God damn! If I ever cross paths with the fucking sonofabitch that did this to her, he WILL die right there, right now! I don't care what she says about fucking forgetting and forgiving!

And now, what the fuck am I going to do? I'm supposed to be waiting for Terri and now I have a beautiful package in my lap labeled "FRAGILE!!! Handle with EXTREME care!!!" And not only that, this package wants to seduce me! Neither a denial nor a one night stand is going to work for her! Either one will shatter her into a million pieces! What the fuck am I going to do?

What I did do was to rock Gwynn gently in my arms until she finally seemed to be at peace. Then I gently reached down and dislodged the one thong that remained on her feet. My next move was to carry her to my bed and contrive to slip her under the covers without disturbing her. I was successful until I began to separate myself from her grip and she began to whimper in her sleep.

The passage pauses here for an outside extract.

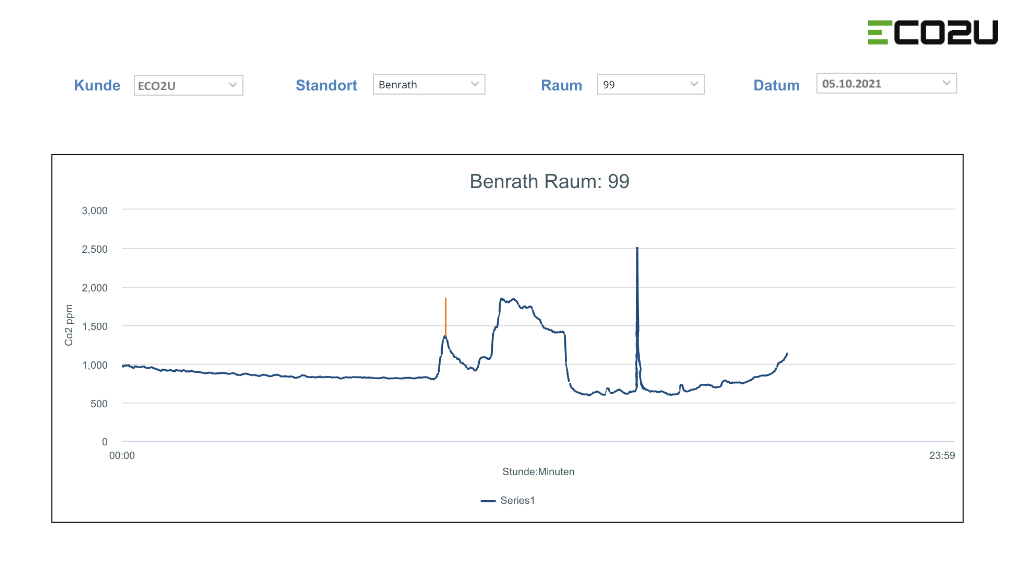Die digitale Aufzeichnung der Messwerte garantiert Ihnen als Verantwortlichem einen 24/7-Überblick ihrer Einrichtung. Sie können sich rechtlich absichern, da Sie eine lückenfreie Doku über mögliche Infektionsrisiken erhalten. ECO2U ermittelt für Sie, in welchen Räumen das Lüften nicht gut funktioniert und Sie können Handlungsempfehlungen für ein angemessenes Lüftungsverhalten aussprechen. Die gespeicherten Messwerte zeigen, ob Luftfiltergeräte einwandfrei arbeiten oder Stoßlüften ausreicht.
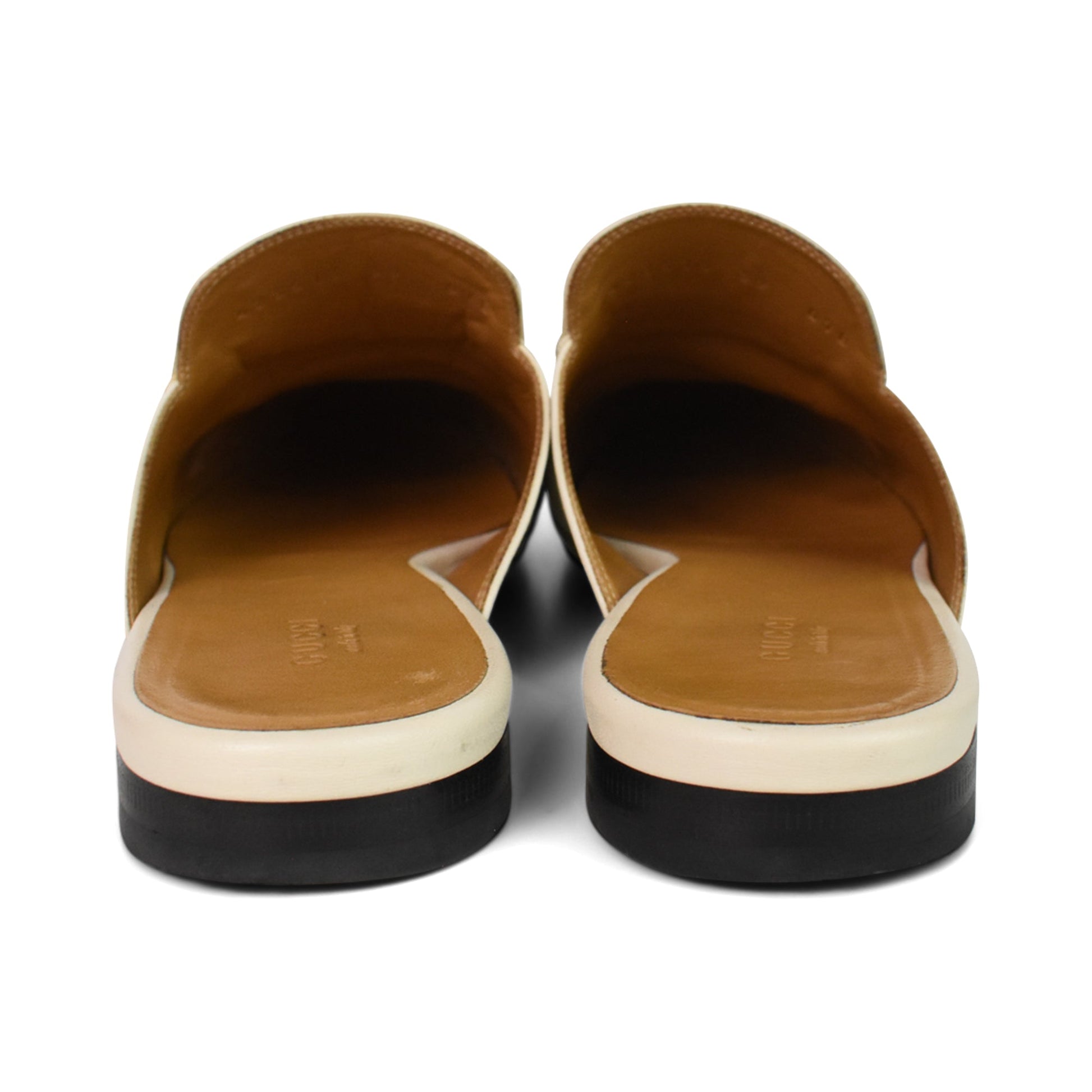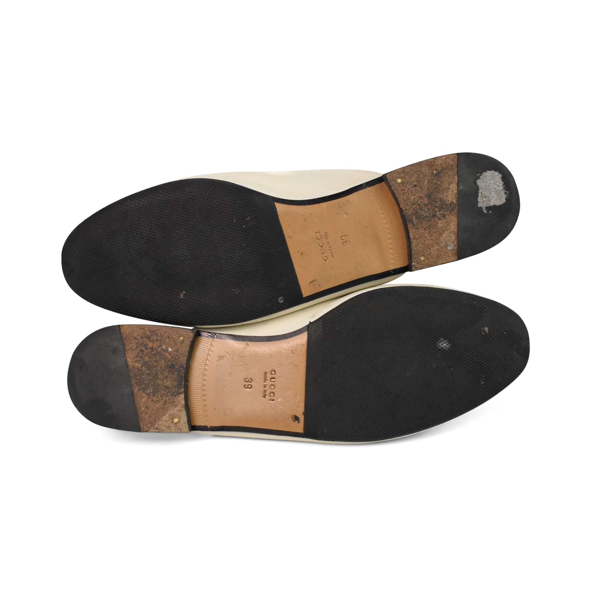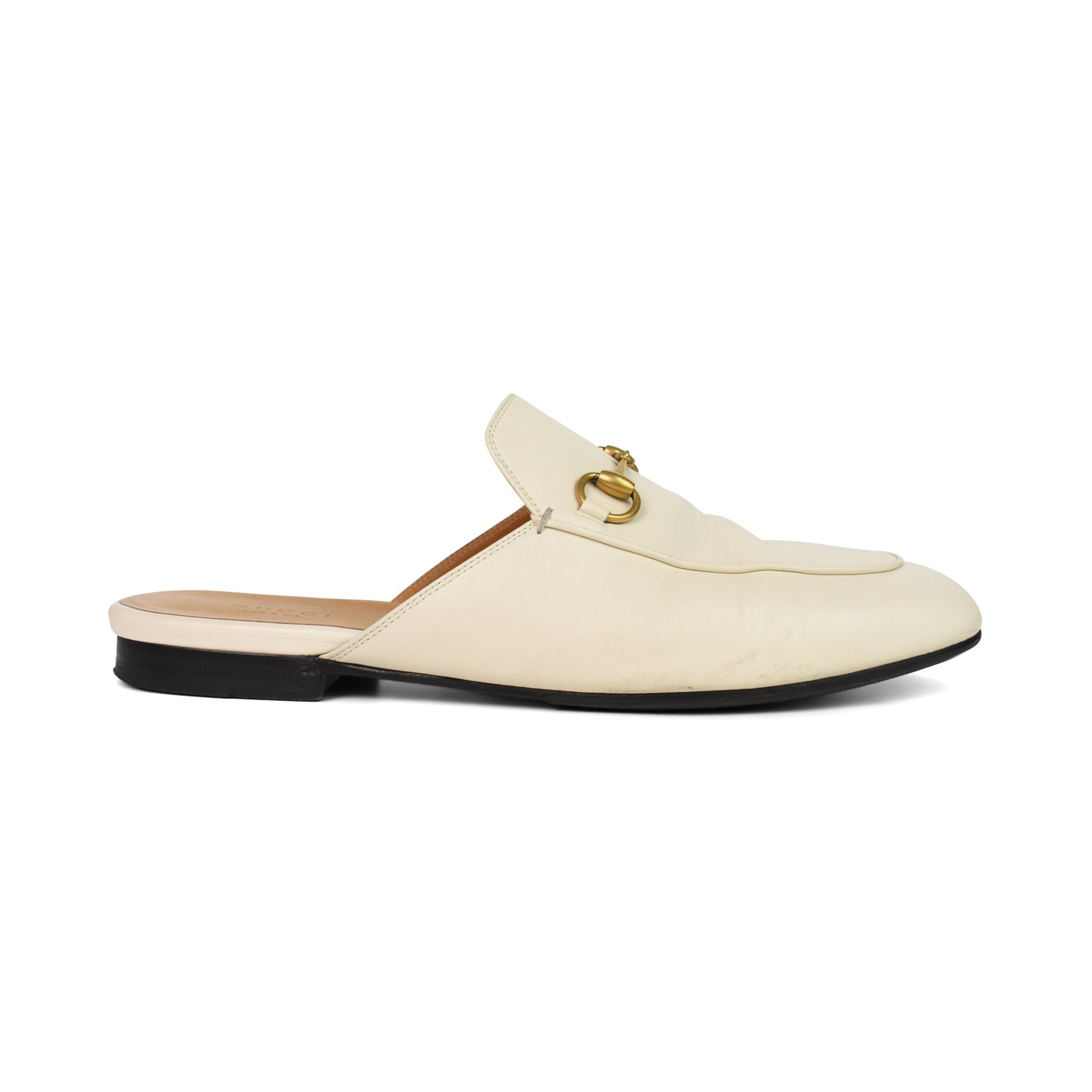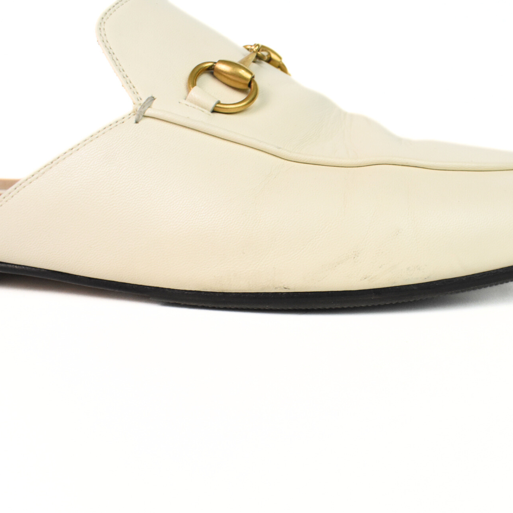 Gucci 'Princetown' mules in white leather with horse-bit detailing in gold hardware, a black sole and a tan leather insole.

I whispered in her ear, "It's all right, beautiful. I WILL be back with you in a moment." She subsided and proceeded to curl up in a fetal position. I used the bathroom and stripped down to my boxers as fast as I could before I turned off the lights and slipped into bed. As soon as she detected the heat from my body she began to uncurl from the fetal position like a flower escaping from its bud. By the time that she was completely unfolded and pressed against my body I felt as if another micron closer would permanently fuse us together!

Heaven only knows how long the greyhound of my mind chased the damned electric rabbit around the racetrack of futility. At some point my mind finally slipped into the oblivion of exhaustion and troubled sleep.

"Hi Stef, it's really good to see you again!"

"Omigod! Terri! It's so good to see you again!" I ran to give Terri a hug—but nothing happened! "What the hell?" I looked around. "No, belay that! Where the hell?"

"Easy Stef! Don't wake up or we'll lose the window!"

"Wake up?" My mind seemed to spin for a few moments. "What? We're dreaming... I mean I'm dreaming?"

"Well, sort of. There is a gateway between you and me at the mining camp. After I died, I managed to punch a hole in the... curtain so I could make the appointment to meet you at the mining camp. Since we met at the camp and we were able to touch each other then, there has been a permanent window between us. If you weren't blocked from meditating, we would be able to talk to each other any time you meditated. As it is, all I can do is use the window when you are asleep and in certain stages of that sleep.

"There is also a gateway between Gwendolyn and me at the place where I died, but I was never able to open a window between us until the two of you came together. Before the two of you came together, there was sort of a broken or warped window between us after the accident, but all that ever did was feed her nightmares."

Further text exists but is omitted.